Сначала мы различали неясный шум, который усиливался час от часу. Постепенно из монотонного шума стали выделяться протяжные звуки, как бы тяжелые, горькие вздохи, потом мощные удары, потом в хаосе звуков ясно определился ритм — в море разыгрывалась симфония шторма.
Через мол высотой с двухэтажный дом стали сначала перелетать брызги. Вскоре пассажиры могли любоваться, как за стеной вдруг поднимется да поднимется седая грива пены, воды и брызг, а вслед за этим раздастся глухой удар. Сотни тонн соленой воды обрушивались на стену.
Через ворота порта виднелось открытое море — кипящее, вздымающееся и падающее. О маяк, стоящий у входа, разбивались валы, то скрывая его наполовину, то обнажая до основания.
Пассажиры любовались всем этим, но у каждого была мысль: как же пойдет «Трансильвания» в такую погоду? Будет качка, будут неприятности. Даже невозмутимый Базиль, разливая нам вечерний чай, сказал, кивнув в сторону моря: «Плоха есть, очень плоха».
А тут еще все смогли воочию увидеть завтрашнюю судьбу «Трансильвании». В море появилось большое торговое судно.
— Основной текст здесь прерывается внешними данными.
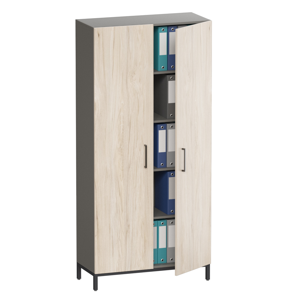 Вместительный шкаф с пятью рядами полок из которых 3 открыты. Простая конструкция с гармоничным сочетанием декоров зрительно не перегружает пространство и позволяет эффективно использовать каждый дюйм офиса. Современный дизайн дополняют металлические ручки на фасадах...
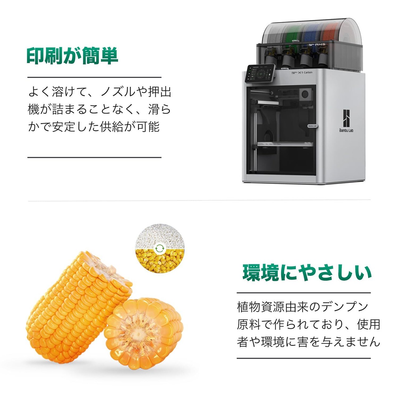 【エコな材質】環境に優しいPLA材質で無毒・匂い無し、造形した物は子供へにもオケです。100%環境に配慮した製品、潜在的に有害な物質を一切含まない。室内でのプリントには理想的な製品です。スプールを分離して再利用することはできません。

Его буквально клало то на один, то на другой борт, так что мачта с ярким фонариком на ней описывала в лиловом грозовом небе размашистую дугу.
Засыпало население «Трансильвании» неспокойным сном под мерные удары шторма.
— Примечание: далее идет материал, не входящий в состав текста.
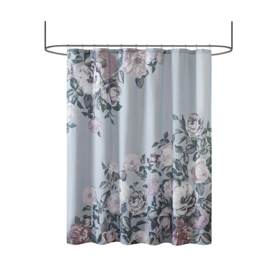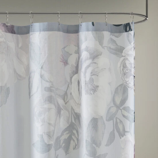 Bring style and life to your bathroom decor with the Madison Park Charlaine Cotton Floral Printed Shower Curtain. This shower curtain features a beautiful engineered floral design in feminine tones on a contrast ground, while the 100-percent cotton boucle slub fabric add a light texture and natural hand feel, for the perfect shabby chic and casual update. Achieving the OEKO-TEX certification, this shower curtain also does not contain any harmful substances or chemicals, ensuring quality comfort and wellness. Each shower curtain measures 72×72 inches and is finished with 12 button holes at the top to easily assemble onto hooks; hooks, rod, and water repellant liner are not included and should be purchased separately. Machine washable cold on gentle cycle with like colors.Β

Однако за ночь и гроза и шторм утихли. Море ласково и как бы виновато плескалось у подножья маяка.
Маленькое суденышко с надписью на борту «Пилот» проводило нас из порта в открытое море, попрощалось тонким жалобным гудочком. «Трансильвания» добродушно пробасила в ответ.
И снова набегают волны, коротко ударяясь в обшивку судна, шипя и пенясь, откатываясь назад. Вскоре справа по борту начались болгарские берега. Я узнал это от молодого паренька, стоявшего на палубе рядом со мной.
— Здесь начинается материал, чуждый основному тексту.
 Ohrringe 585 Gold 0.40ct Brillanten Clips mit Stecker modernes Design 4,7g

— Болгария! — мечтательно произнес он, и по интонации я понял, что это его родина. — Берега издали кажутся голыми, а ведь там все виноградники, сады, поля. Видите белый квадратик у самой воды? Это Балчик, бывший дворец румынской королевы. Она приезжала в Болгарию отдыхать.
— От чего отдыхать?
— Не знаю. Отсюда начинаются золотые пляжи.
Действительно, тонкая, но очень яркая золотая линия отделяла синеву моря от зелени берега.
— Вы что, учились в Москве? — спросил я болгарина.
— Учусь в гидромелиоративном, около Тимирязевки. Был на практике, а теперь домой на побывку.